Extracted data entries:
"""
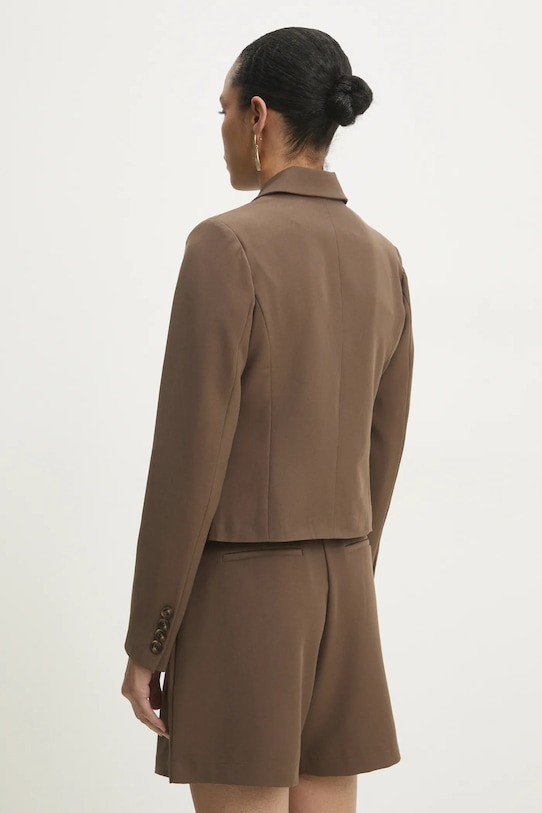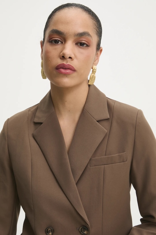 Этот блейзер из коллекции Answear.LAB выполнен из гладкой ткани. Содержание полиэстера делает материал менее мнущимся. - Простой дизайн, не стесняющий движений. - Дополнительный слой материала в виде подкладки. - Классические лацканы. - Двубортный пиджак с застежкой на пуговицы. - Накладной карман на груди. - В плечах вшиты подкладки. - Длинный рукав. - Тонкая, неэластичная ткань.
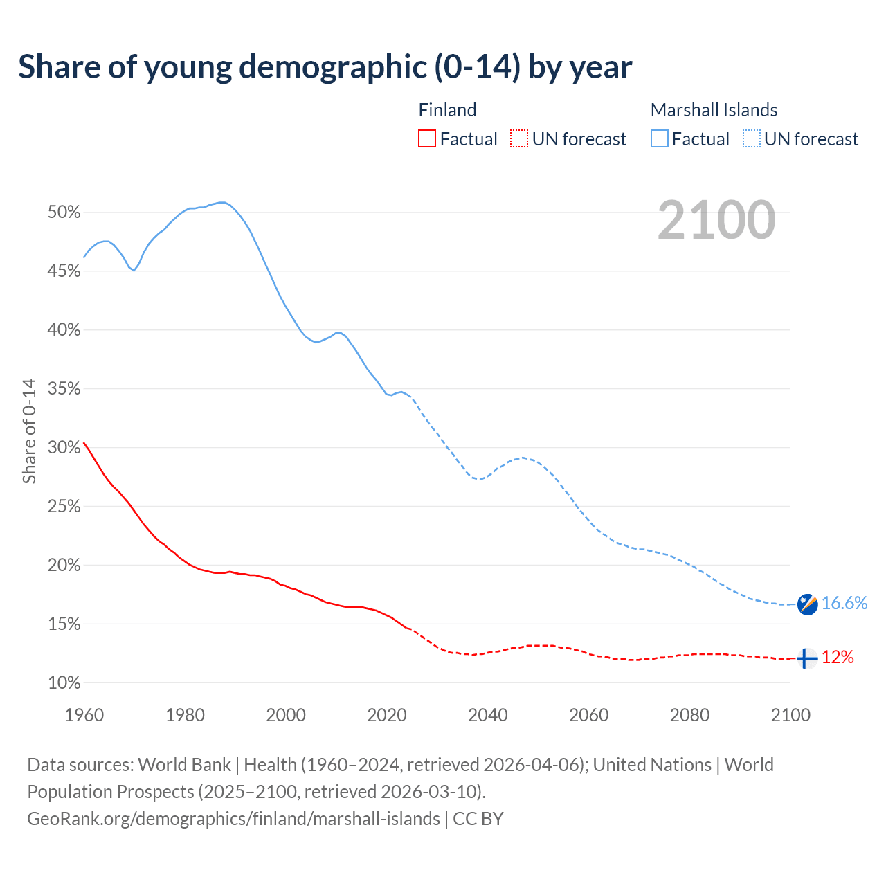 - The share of young demographic (0-15 years old) in Finland is 14.6% vs 34.5% in the Marshall Islands.
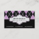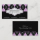 Las tarjetas de negocios de moda en el estilo de argyle blanco morado negro, con un patrón de argyle blanco y púrpura lila. La parte inferior es de color negro sólido. Las dos partes están separadas por una franja negra y una violeta. Su empresa/nombre está escrito en una elegante etiqueta de damasco con un contorno negro y rosa. Diseño moderno y cuidado con un toque retro que se puede utilizar en muchos campos de negocios como interiores, peluquería, moda y más.
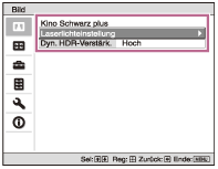 (Eingabe). Die Optionen, die eingestellt werden können, werden angezeigt. Die derzeit ausgewählte Option wird weiß angezeigt.
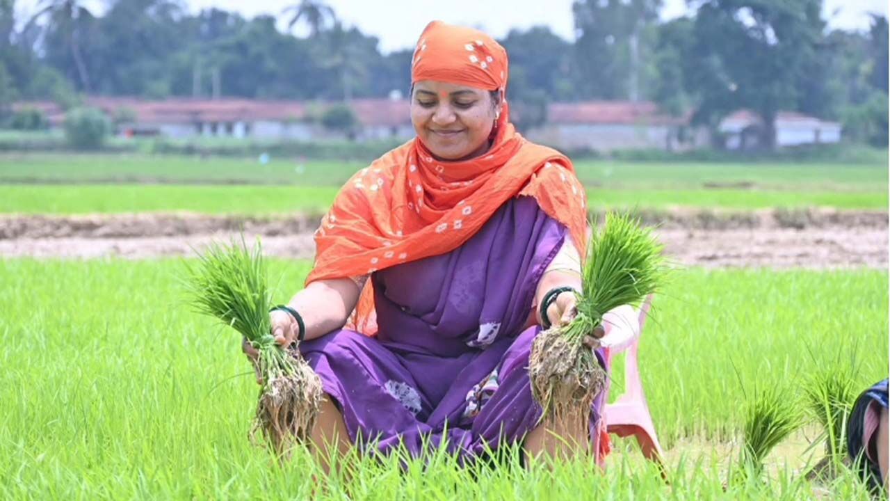 मंत्री लक्ष्मी राजवाड़े खेत में कुर्सी पर बैठकर धान का थरहा निकालते हुए
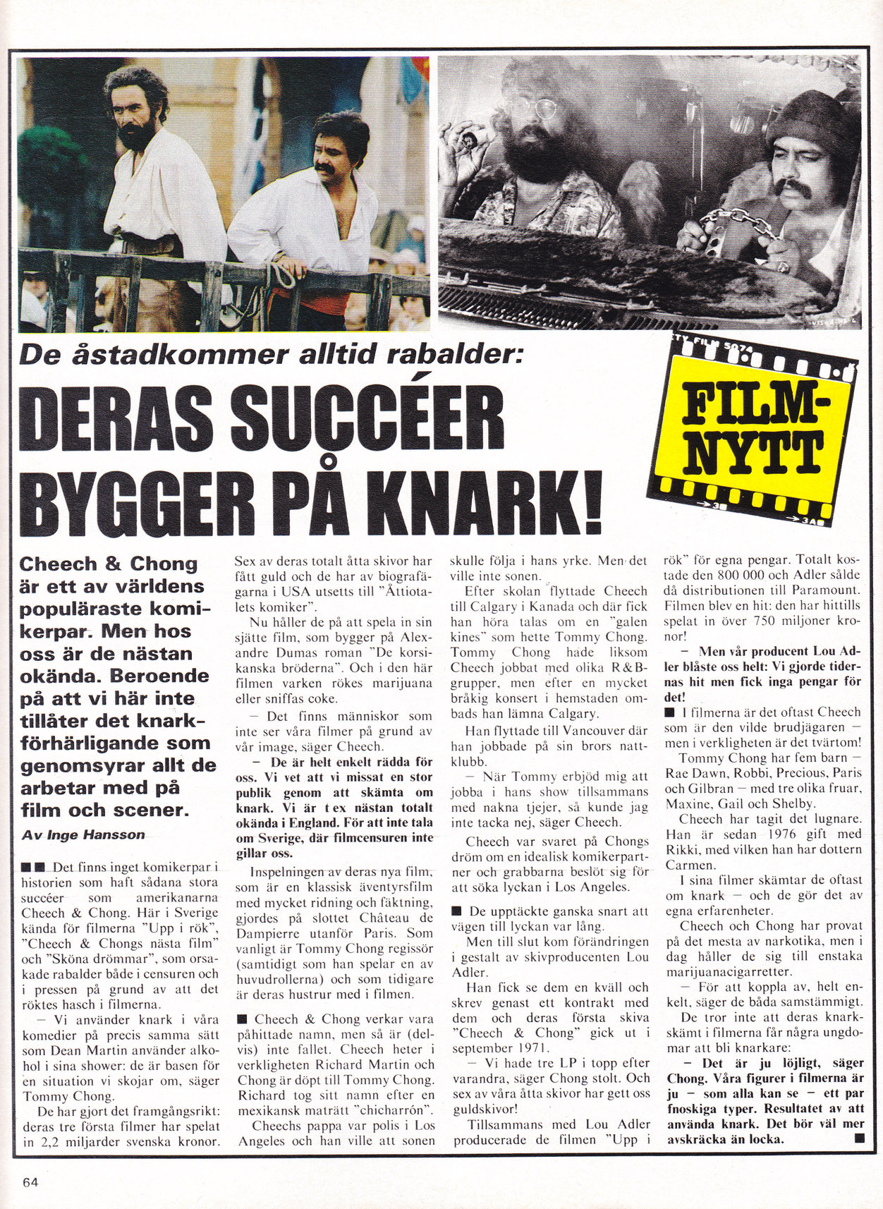 Först ut är en kort artikel i Stopp fib akutellt nr 44 1983 som handlar om Cheech & Chong.
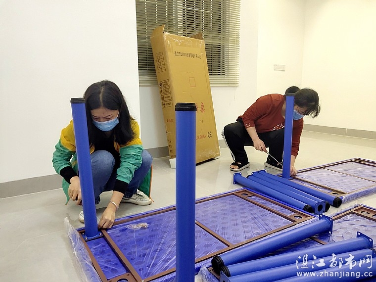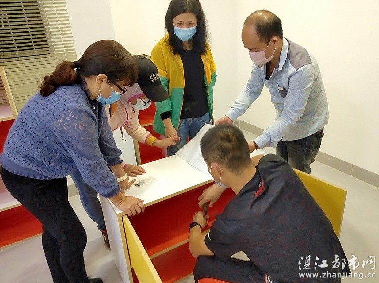 当天上午,霞山区东新街道解放西社区综合性文化服务中心,情暖湛江志愿者在会长梁佩英、副会长黄文春的带领下,对儿童服务站的启动物资进行清点、整理和安装。大家齐心协力、分工合作,安装桌子、椅子、小沙发、储物柜、书包柜等家具,摆放音箱,安装投影设备,张贴辅助材料,以及打扫卫生等等。情暖湛江志愿者从上午一直忙至下午,才完成儿童服务站的布置任务。N785壹基金儿童服务站(东新街道)的启动物资由深圳壹基金公益基金会儿童服务站项目组提供。
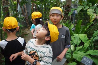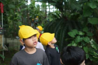 午前の活動の様子です。5つある温室をファミリーで見学しました。果物がなっている様子や見たことのない植物を見ています。植物に興味津々な子どもたちです。
"""
Repeat nothing but the lines from the one containing "Först ut är" through the end of the entries, exactly, and skip the pictures.

 Först ut är en kort artikel i Stopp fib akutellt nr 44 1983 som handlar om Cheech & Chong.
 当天上午,霞山区东新街道解放西社区综合性文化服务中心,情暖湛江志愿者在会长梁佩英、副会长黄文春的带领下,对儿童服务站的启动物资进行清点、整理和安装。大家齐心协力、分工合作,安装桌子、椅子、小沙发、储物柜、书包柜等家具,摆放音箱,安装投影设备,张贴辅助材料,以及打扫卫生等等。情暖湛江志愿者从上午一直忙至下午,才完成儿童服务站的布置任务。N785壹基金儿童服务站(东新街道)的启动物资由深圳壹基金公益基金会儿童服务站项目组提供。
 午前の活動の様子です。5つある温室をファミリーで見学しました。果物がなっている様子や見たことのない植物を見ています。植物に興味津々な子どもたちです。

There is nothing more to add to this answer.